Crist’s conduct during the 2008 GOP presidential primary season certainly fed this perception. It’s widely believed that the governor initially promised his endorsement to Rudy Giuliani, whose campaign then pursued a Florida-or-bust strategy. But three days before the Florida vote, Crist instead hitched his wagon to the ascendant McCain, who carried the state (immediately spurring the Crist-for-Veep chatter). Giuliani finished a distant third and dropped out.

Others who’ve watched him up-close in Florida paint a picture of an insubstantial figure, a man more interested in grabbing headlines than in the nuts-and-bolts of policy, and often disengaged or preoccupied during briefings.

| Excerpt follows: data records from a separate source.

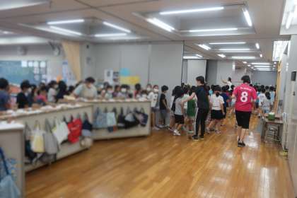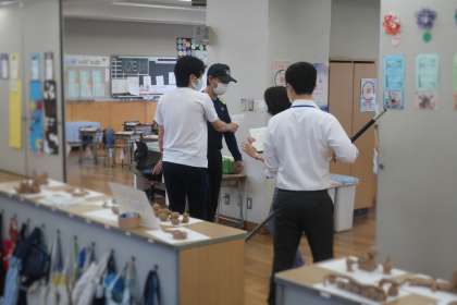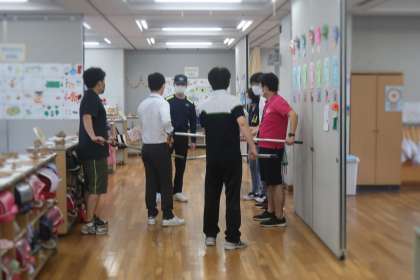 今日の避難訓練は、不審者が侵入してきたことを想定して行いました。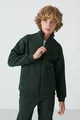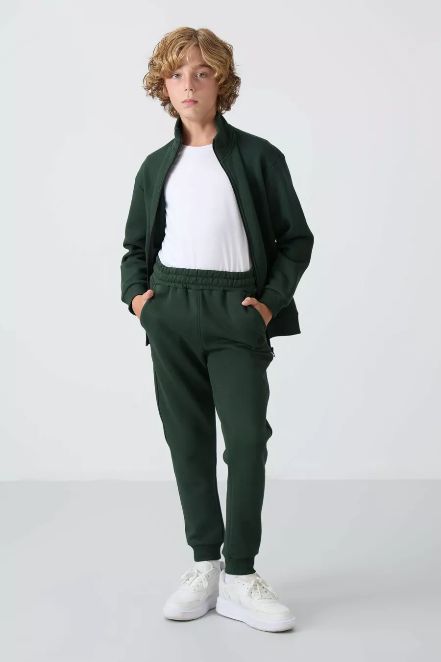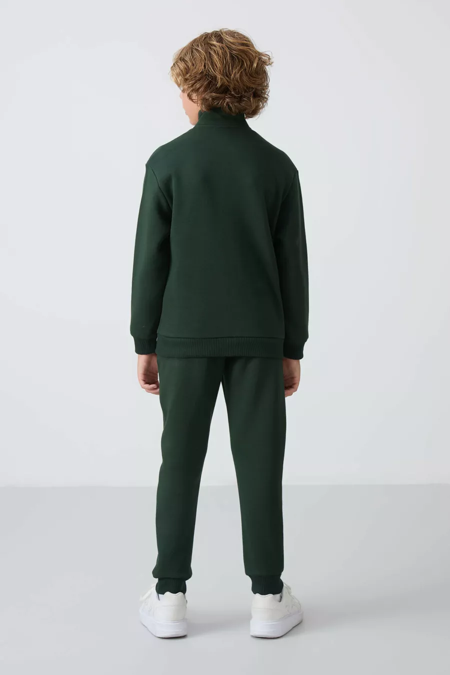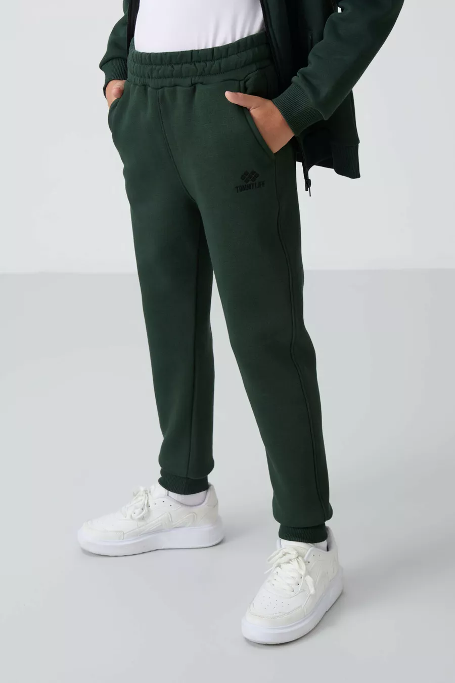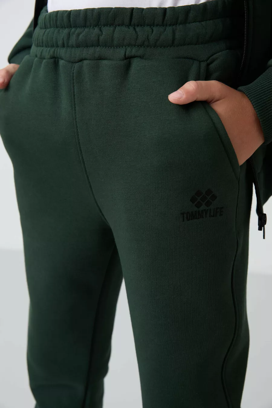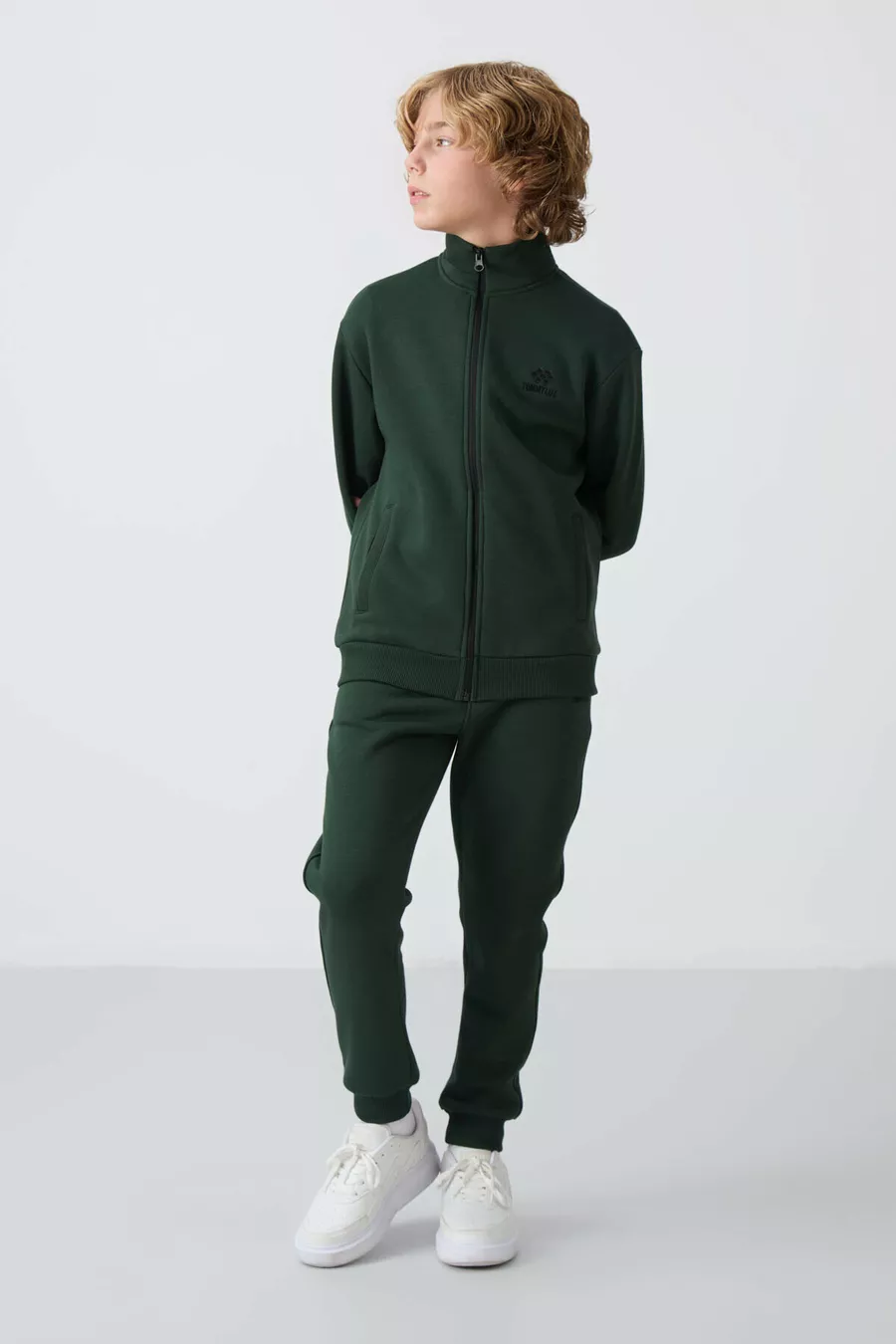 Ensemble de survêtement pour garçon en coton épais vert pin avec intérieur en polaire, coupe standard, brodé -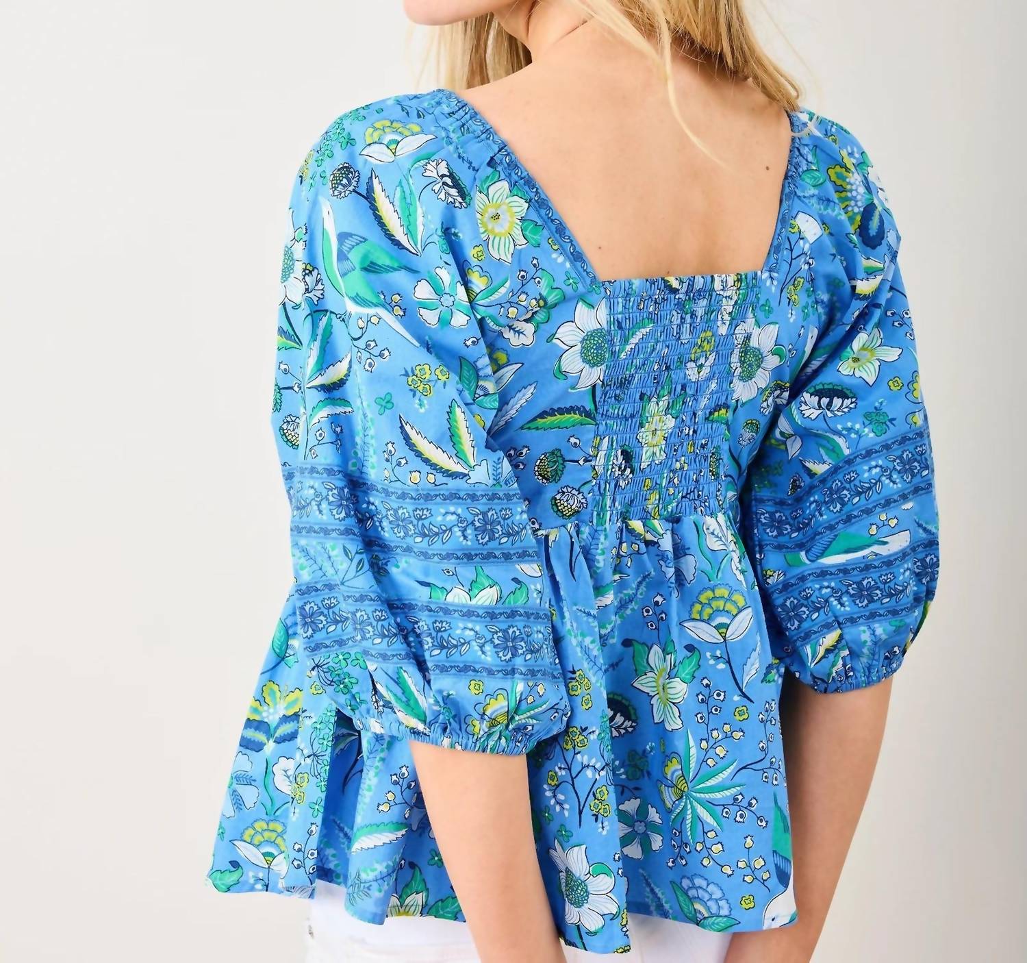 Descubra a Blusa Jasmine Garden da Printfresh, uma peça encantadora em azul, perfeita para qualquer guarda-roupa de férias. Esta blusa feminina tem mangas até o cotovelo e é confeccionada em cambraia 100% algodão orgânico, adornada com uma charmosa estampa floral. Com costas franzidas e punhos elásticos para um caimento feminino, ela é serigrafada à mão na Índia, unindo sustentabilidade e estilo. Fecho: Pull-on.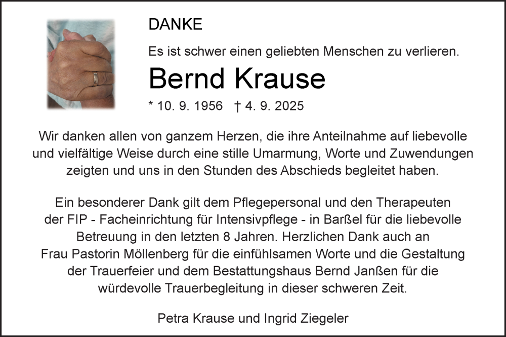 Hier finden Sie alle Traueranzeigen aus der Zeitung, die bisher für Bernd Krause erschienen sind. Weitere Traueranzeigen, die in der Zeitung erscheinen, werden hier ebenfalls aufgelistet

Detractors point to Crist’s mutating positions on numerous issues.

In 2008, during the period when he was under consideration for the McCain ticket, he abruptly withdrew his previous opposition to offshore drilling, a change that brought him into line with McCain’s views.

During his first bid for the Senate more than 10 years ago — he lost to sitting Democrat Bob Graham by a wide margin — he described himself in a questionnaire as “pro-choice but not pro-abortion.” He now favors a simple, GOP primary-friendly term: “pro-life.”

As a state senator in the mid-’90s, Crist’s record on criminal justice issues was hard-line enough to earn him the nickname “Chain Gang Charlie.” He also backed a bill that required convicted criminals to serve at least 85 percent of their sentences. While running for attorney general in 2002, he sought to gain a political dividend from these positions by running what the St. Petersburg Times described as a “dark, harsh ad that features violent criminals.”

Yet by 2007, Crist was arguing for the restoration of voting rights to felons and stating, “I believe in my heart that everyone deserves a second chance. They deserve an opportunity to get on with productive lives.”
But these shifts pale into insignificance beside what has proved to be Crist’s greatest political misstep.
In February 2009, Crist embraced, both figuratively and literally, President Barack Obama when Obama came to Florida to tout the economic stimulus package that had not yet become law.

At the rally with Obama, Crist said: “We know that it’s important that we pass a stimulus package.” By last November, he was telling CNN’s Wolf Blitzer, “I didn’t endorse it … I didn’t even have a vote on the darned thing.”

Some see the price Crist has paid for his Obama embrace as a fitting reward for a man whose career has been defined by political expediency.

“He miscalculated a changing political environment in Florida,” Rick Wilson says. “Charlie has always had a nose for the populist issue of the moment, and has been able to chase those things with success. This time, his instincts failed him.”

Terri Fine, a political science professor at the University of Central Florida, suggests Crist should adopt a Florida version of a “Rose Garden strategy.”

“You show the people you can govern instead of going out on the campaign trail. If [Crist] can show he can govern, it would help him overcome this ‘wow-factor’ about Rubio,” she offers.

But, she adds, “Crist just comes across as being so two-faced.”